### Work item
Here are records with pictures in them. Copy all of them exactly and leave the pictures out.

Saved entries:
◇ ◇ ◇ ◇ ◇ ◇ ◇

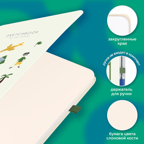 Скетчбук, слоновая кость 140 г/м2, 130х210 мм, 80 л., софт-тач, резинка, BRAUBERG ART CLASSIC, "Traveler", 117775
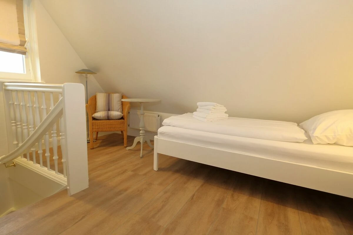 Weiterhin gibt es im Haus zwei Schlafzimmer mit Doppelbetten und ein Schlafzimmer mit einem Einzelbett, welches zum Treppenhaus offen ist.
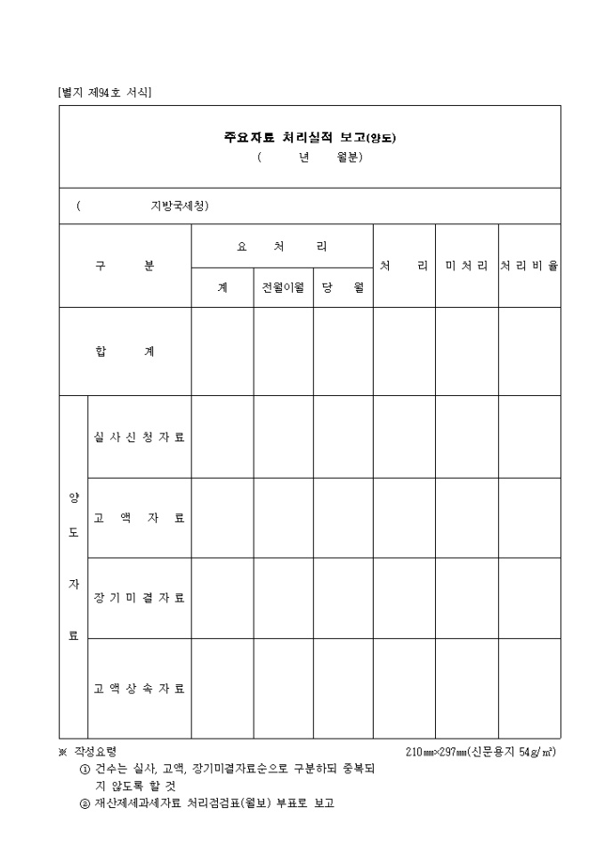9,000원/월제94호 주요 자료 처리 실적보고(양도) 양식입니다. 구분에 따른 요처리(계, 전월이월, 당월), 처리, 미처리, 처리비율 등을 기재합니다.
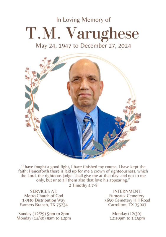 ഡാളസ്: പ്ലാങ്കമൺ, അയിരൂർ സ്വദേശിയും ചെറുകര തടത്തിൽ ഭവനത്തിൽ പരേതനായ തോമസ് മാത്യൂവിൻ്റെയും പരേതയായ മറിയാമ്മ മാത്യുവിന്റെയും 8 മക്കളിൽ മൂന്നാമത്തെ മകനായ റ്റി.എം. വർഗ്ഗീസ്.ഡാളസിൽ അന്തരിച്ചു.
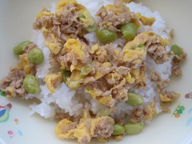 今日は、まぐろのみずに、たまご、えだまめできれいな三色丼でした。

◇ ◇ ◇ ◇ ◇ ◇ ◇

### Exercise output
 Скетчбук, слоновая кость 140 г/м2, 130х210 мм, 80 л., софт-тач, резинка, BRAUBERG ART CLASSIC, "Traveler", 117775
 Weiterhin gibt es im Haus zwei Schlafzimmer mit Doppelbetten und ein Schlafzimmer mit einem Einzelbett, welches zum Treppenhaus offen ist.
9,000원/월제94호 주요 자료 처리 실적보고(양도) 양식입니다. 구분에 따른 요처리(계, 전월이월, 당월), 처리, 미처리, 처리비율 등을 기재합니다.
 ഡാളസ്: പ്ലാങ്കമൺ, അയിരൂർ സ്വദേശിയും ചെറുകര തടത്തിൽ ഭവനത്തിൽ പരേതനായ തോമസ് മാത്യൂവിൻ്റെയും പരേതയായ മറിയാമ്മ മാത്യുവിന്റെയും 8 മക്കളിൽ മൂന്നാമത്തെ മകനായ റ്റി.എം. വർഗ്ഗീസ്.ഡാളസിൽ അന്തരിച്ചു.
 今日は、まぐろのみずに、たまご、えだまめできれいな三色丼でした。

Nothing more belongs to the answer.